I want to use this blog as a diary of my journey with nightmare disorder, and to perhaps help other people who are suffering from this horrible problem, which no one except the sufferers themselves will ever truly understand. Twitter: @nightmaredis
Friday, 16 May 2014
Do I go out just to avoid sleeping?
I have found myself lately going out a lot more than I used to...at first I think this was from coming off the medicine and finally actually being awake at night and wanting to do stuff. But steadily I'm finding myself going out when I'm really not in the mood because I feel that it's better than the alternative which is sleeping with which comes dreaming. I can only distract myself for so long though, eventually I will need to sleep.
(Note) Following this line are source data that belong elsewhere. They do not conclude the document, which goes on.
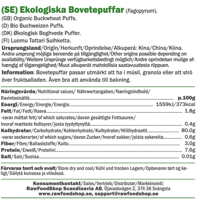 Tattaripuffimme ovat luonnollinen ja vegaaninen vaihtoehto, joka solahtaa saumattomasti osaksi aamiaista tai välipalaa. Ne valmistetaan 100 % täysjyvätattarista – ei mitään ylimääräistä. Kevyt ja rapea koostumus tekee niistä täydellisen lisän kotitekoiseen mysliin tai granolaan, mutta ne maistuvat yhtä hyvältä myös smoothieiden ja hedelmäsalaattien päällä. Eikä siinä vielä kaikki – tattaripuffit ovat loistava valinta myös gluteenittomaan leivontaan tai kotitekoisten välipalojen valmistukseen. Kokeile esimerkiksi tehdä omia proteiinipatukoita, raakakarkkeja tai siemennäkkäreitä. Mahdollisuudet ovat rajattomat – vain mielikuvitus on rajana!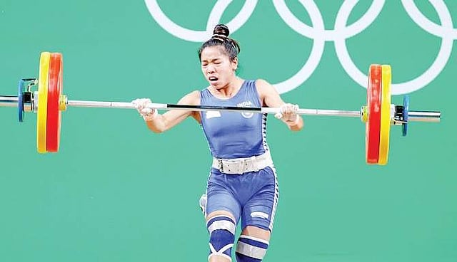 The 23-year-old from Imphal lifted 85kg in snatch and 109kg in clean and jerk to total an impressive 194kg in the women's 48kg to pick up a rare honour for India. She also created a new national record of 194kg.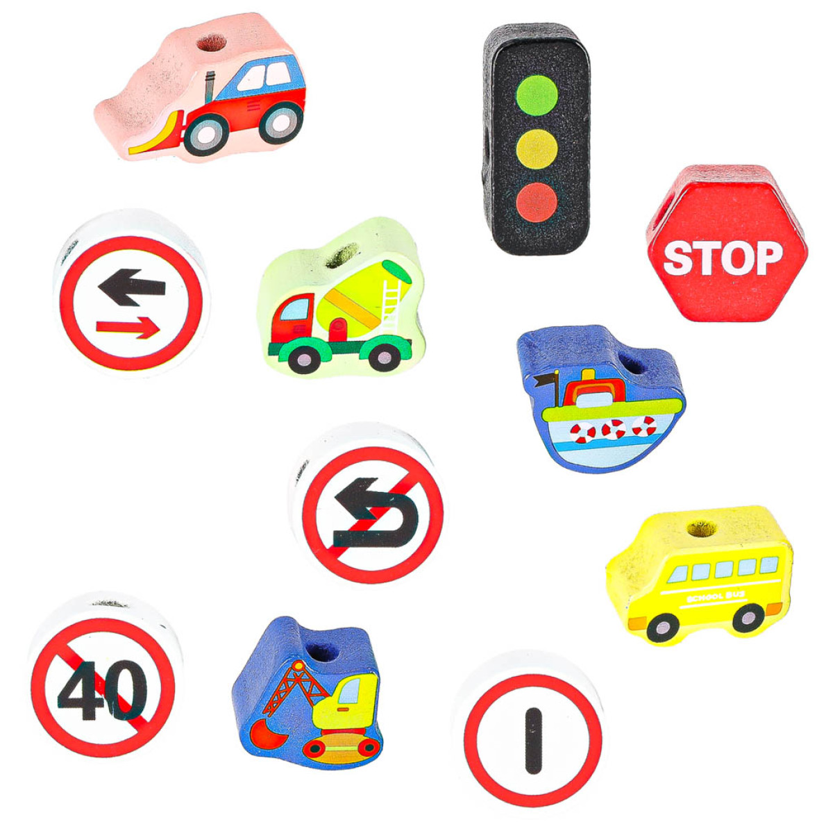 - 23 medinės kaladėlės (transporto priemonės, kelio ženklai)
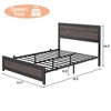 XBT rivet industrial bed frame combines metal frame with MDF panels, featuring 1 USB & 1 Type-C charging ports on headboard. 9 legs & 12 steel slats provide sturdy support (no box spring needed). Noise-reducing design with wood-grain headboard/footboard. Easy assembly with instructions.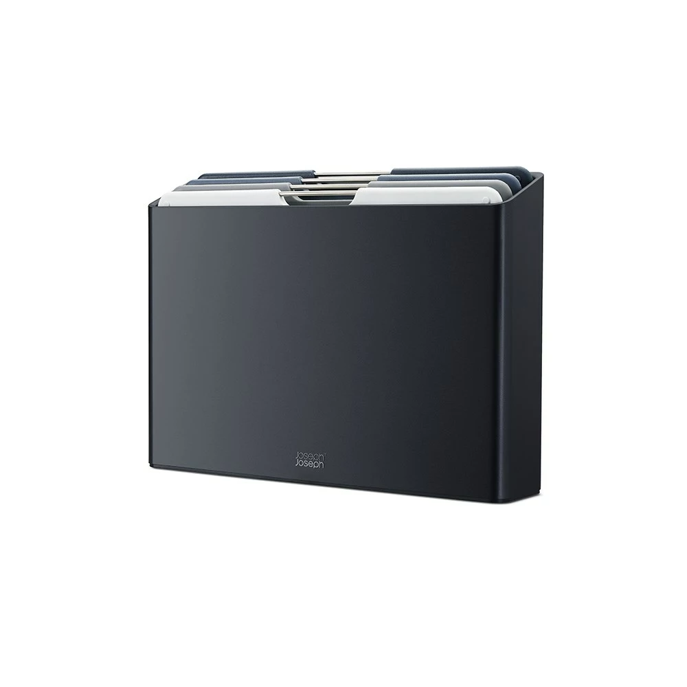 Prepare your meals in style with the beautifully designed Joseph Joseph Folio 4 Piece Chop Board Set Large Graphite

That, sadly, is inevitable every night.
Wednesday, 14 May 2014
Poem about nightmare disorder
A poem I found on Instagram which describes nightmare disorder really well
It's always the same but never alike
Things you'd not believe appear every night
Only barely human, nearly morphed into a beast
Or disfigured faces that upon your fear feast
No telling what shows next, no thing of flesh or bone
Stirring in the shadows, I'm no longer safe at home
This anticipation has me fearing sleep
For what ever happens
They'll find me in my dream
Sunday, 4 May 2014
The Choice
Each night I have two decisions, exhaustion or hell. Hell would be sleep, because that's what my nightmares are. And with sleep, the nightmares will come. Each night I make that decision but sadly I can't go through a night without sleep, so it always ends up back in hell. I guess I just decide how much hell I'm willing to go through, the trade off being exhausted the next day. I really feel like an early night tonight cos I have to be up early for a birthday thing tomorrow. So some extra hell I guess. Thinking I may set my alarm for 4am to knock off my REM sleep cycle. Oh the joys of having this I curable disease.
Friday, 2 May 2014
The Australian airplane disaster
When I first woke up this morning it took me about 5 minutes to remember my dream and when I did, I just started sobbing uncontrollably and have been for the last hour.
I dreamed that I was in Australia visiting friends when we were standing out in the Sydney harbour and a plane started coming down very low. It knocked on a lap post and you could see that the pilot was trying to get control of the plane but he couldn't. Then, the plane went down into the water and just three people came to the surface, the rest were all dead. One of the survivors told me I should deep see dive to go help save the other people so I did, only for one of the corpses to rape me.